Когда распахиваются крылья - Екатерина Андреевна Самарова
Не помню, когда я осознал, что со мной что-то не так. Наверное, чувствовал неладное с самого детства, но понимать и изучать свою особенность начал не так давно. Когда раз за разом падаешь с одного и того же моста в реку, в то время как другие спокойно и без проблем проходят по нему мимо, когда из всего класса тебе регулярно не достаётся вкусных пирожков в столовой, когда именно за тобой среди всех гуляющих детей погонится самый злой гусь — словом, когда все это случается чаще, чем c обычными людьми, волей-неволей задумаешься. И сейчас хорошо помню, как прибегал к маме, зарёванный, с красным опухшим лицом, когда другие дети смеялись над тем, как я упал на ровной дороге или провалился по колено в лужу, в которую и провалиться-то нельзя. Но потом появился Женька, который, только встав на ноги, так сразу и приклеился ко мне, и мне пришлось научиться не давать его в обиду. Я почти смирился с моим невезением, а деревенские наконец перестали обращать на него внимания. Лишь только иногда приговаривали: «Вечно с ним что-нибудь случается» — и дали мне обидную кличку, которая в нашей немаленькой, но все же деревне разошлась по всем дворам. Я не был изгоем, хотя некоторые парни из школы, особенно Тёмка и его ушибленные друзья, любили поиздеваться надо мной. Но, помня о своём невезении, я старался не доводить дело до драки.
Наверное, лет в четырнадцать я начал замечать закономерности: невезение случалось со мной не каждый день, а так, как будто кто-то включал и выключал рычаг удачи. В «удачливые» дни я чувствовал себя почти обыкновенным парнем. Но даже в неудачные дни мне удивительным образом везло. Я за свою жизнь не успел упасть, наверное, только с многоэтажного дома, да и то только потому что в нашей деревне таких домов отродясь не было: я падал с крыши в сугробы и на землю, с деревьев, в овраг и в пруд, однажды упал даже в цистерну с молоком — но за все это время ни разу не сломал себе ни одной кости и всегда отделывался только царапинами разной степени глубины, которые быстро заживали. Даже не знаю, может быть, я был самым удачливым человеком среди неудачников?
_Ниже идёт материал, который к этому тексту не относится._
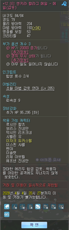 착용 중인 아퀼떡작인데 여기서 돈모아서 갑옷을 어비스(?)쪽으로 바꿔주면 될까요 ?

По крайней мере, я точно знал — если сегодняшний воскресный день стал неудачным, то завтра, в понедельник, когда нужно идти в школу, все будет хорошо. Может быть, удастся дотянуть полосу относительного везения даже до субботы, в крайнем случае — до пятницы.
Приободрившись, я взял тряпку и начал протирать полки в бане от грязи и пыли, когда вдруг услышал резкий крик и сразу за ним знакомый звонкий плач на улице. Я тут же побросал все и выскочил во двор, забыв даже прикрыть дверь в баню. Пробежав мимо старого Жулика, нашей сторожевой собаки, я распахнул ворота и выбежал на улицу. Женька сидел на скамейке рядом с нашим забором и тихо скулил, размазывая слёзы по грязным щекам. Его рваная куртка и старые штаны были в грязи, ладони поцарапаны. Вокруг на него в метрах двух стояли соседские дети и нервно переминались с ноги на ногу, как будто не знали, что делать.
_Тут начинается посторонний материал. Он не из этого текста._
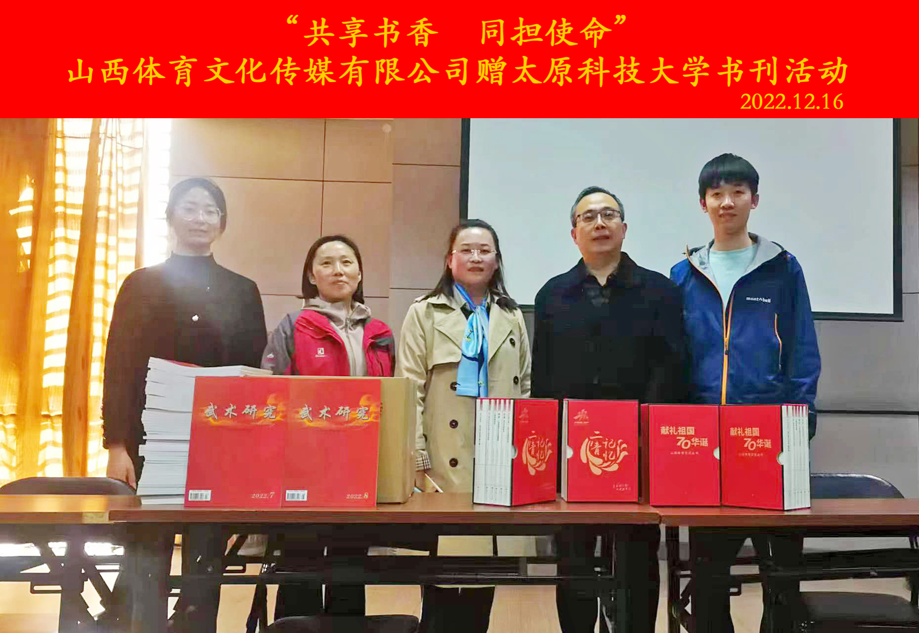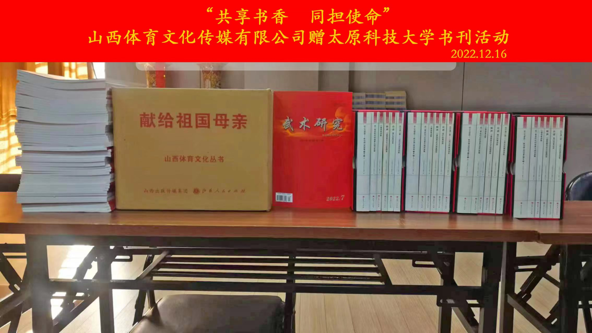 此次山西体育文化传媒有限公司共捐赠图书150余册,捐赠的图书包括两套《献给祖国母亲七十华诞 山西体育文化丛书》共50册及最新《武术研究》期刊100余册。

Я тут же подбежал к Женьке.
— Ты чего плачешь? — спросил я, отряхивая его.
— Я упа-а-ал! Прямо в гря-я-язь! — проревел он. — А они смеются!
Женька поднял свою мелкую руку и показал куда-то в сторону, откуда раздался гнусавый гогот. Я посмотрел туда, куда показывал брат, и моё сердце резко подпрыгнуло к самому горлу. Чуть в стороне столпилась группа из пяти парней чуть старше меня. Что ж, следовало ожидать. Уже несколько дней Тёмка и его прихлебатели не цеплялись ко мне, но полоса везения же должна была когда-нибудь закончиться.
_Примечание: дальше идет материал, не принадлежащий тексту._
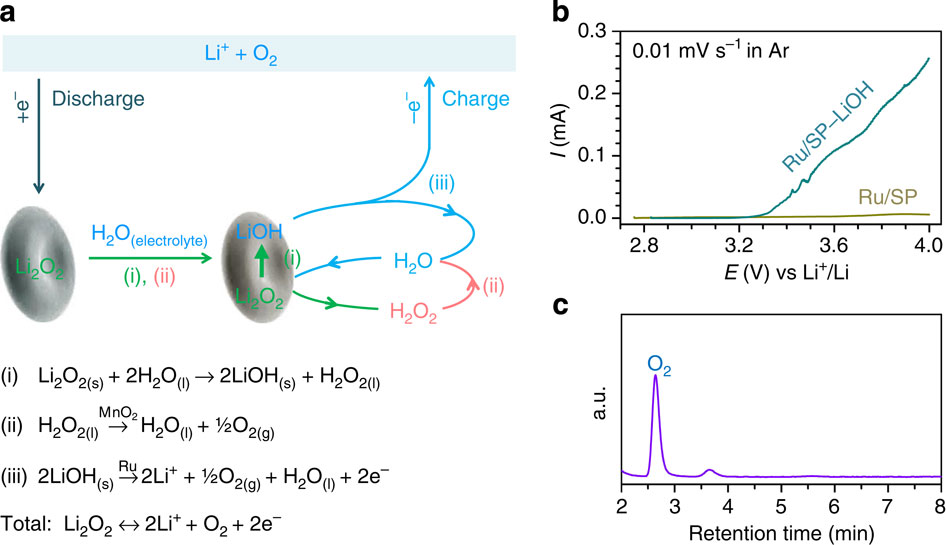 Lithium-oxygen cells have attracted extensive interests due to their high theoretical energy densities. The main challenges are the low round-trip efficiency and cycling instability over long time. However, even in the state-of-the-art lithium-oxygen cells the charge potentials are as high as 3.5 V that are higher by 0.70 V than the discharge potentials. Here we report a reaction mechanism at an oxygen cathode, ruthenium and manganese dioxide nanoparticles supported on carbon black Super P by applying a trace amount of water in electrolytes to catalyse the cathode reactions of lithium-oxygen cells during discharge and charge. This can significantly reduce the charge overpotential to 0.21 V, and results in a small discharge/charge potential gap of 0.32 V and superior cycling stability of 200 cycles. The overall reaction scheme will alleviate side reactions involving carbon and electrolytes, and shed light on the construction of practical, rechargeable lithium-oxygen cells.

Тёмка жил на соседней улице. Это был коренастый и широкоплечий парень с коротко стриженными ёжиком белобрысыми волосами и крупным курносым лицом. Когда-то давно, когда я был совсем маленьким, мы с ним часто играли вместе, но со временем перестали общаться и даже здороваться и делали вид, что друг друга не знаем. Конечно, кроме тех моментов, когда он вместе со своей компанией не задирал меня и моих друзей. Тёмку и его компанию не очень любили в деревне и в школе, и, когда он окончил девятый класс, учителя с облегчением выдохнули. Но не тут-то было: осенью, так и не забрав документы, он пришёл в десятый класс. Никто не знал, почему — ведь Тёмка никогда особенно не рвался получать знания и поступать в университет. Поговаривали, что его папаша не разрешил ему уходить в техникум. Но мы-то, старшеклассники, хорошо знали, что Тёмке никто не указ, и, наверное, собственный отец тоже. Как бы то ни было, сейчас он учился в одиннадцатом классе — на класс старше меня.
Тёмка, будучи самым крутым парнем и в школе, и в деревне и не совсем уж беспросветно тупым, собрал вокруг себя несколько парней и девчонок, которые любили задираться и издеваться над другими, а сам стал их непререкаемым авторитетом. Отбитые на всю голову, они могли толпой напасть на одного, отобрать школьный рюкзак и выбросить в речку. Мой ранец они пока, правда, не трогали, но я слышал, как около школьного забора плакала окружённая жалостливыми одноклассницами девочка из младшего класса, сидя на бордюре и баюкая насквозь сырую сумку. Тёмку слушались даже те, кто был старше его и уже не учился в школе. И все мы, школьники от самых младших до одиннадцатого класса, знали, почему.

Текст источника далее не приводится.